Mailing List Archive

FW: Bayes Tokens
> ----------
> From: Jim Grusendorf
> Sent: Friday, February 06, 2004 3:25:23 PM
> To: 'sa-list@hudsonca.ca'
> Subject: Bayes Tokens
> Auto forwarded by a Rule
>
>
>
I'm sure this is nothing new to you SpamAssassin experts, but it seemed like
a profound realization when it him me:

In addition to the actual words and phrases in a message and its headers,
*any* aspect or property of the message -- whether intrinsic or derived --
can be considered a Bayes token. POPFile takes this into account to a
limited extent with their "pseudowords"
(http://popfile.sourceforge.net/cgi-bin/wiki.pl?Glossary/PseudoWord). But a
rule-based system can be enfolded into a Bayes solution, because the result
of evaluating any rule can be considered a token. Imagine if SpamAssassin
had an optional mode where, instead of using manual scoring, all the active
rules of its impressively comprehensive ruleset were tokenized? I think
this would result in most impressive accuracy.

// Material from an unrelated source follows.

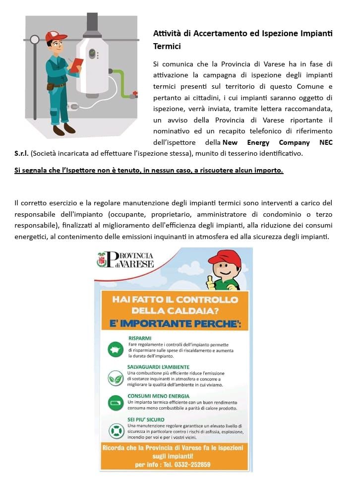 Si comunica che la Provincia di Varese ha in fase di attivazione la campagna di ispezione degli impianti termici presenti sul territorio di questo Comune e pertanto ai cittadini, i cui impianti saranno oggetto di ispezione, verrà inviata, tramite lettera raccomandata, un avviso della Provincia di Varese riportante il nominativo ed un recapito telefonico di riferimento dell’ispettore della New Energy Company NEC s.r.l. (Società incaricata ad effettuare l’ispezione stessa), munito di tesserino identificativo.
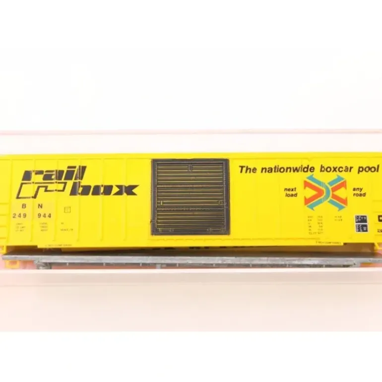 Here is a Roundhouse 8840 N Scale BN Railbox Box Car #249944 Kit. This item comes disassembled with plastic construction.

I'm imagining examples such as testing for blacklist membership, which some
people (mostly elsewhere, apparently) think is a bad idea. I could let
Bayes decide just exactly how relevant it is to *my* corpus. How about the
"Message is x% to y% HTML" rules, or "text to image ratio" rules. This
would develop a very precise profile of what I consider to be ham and spam.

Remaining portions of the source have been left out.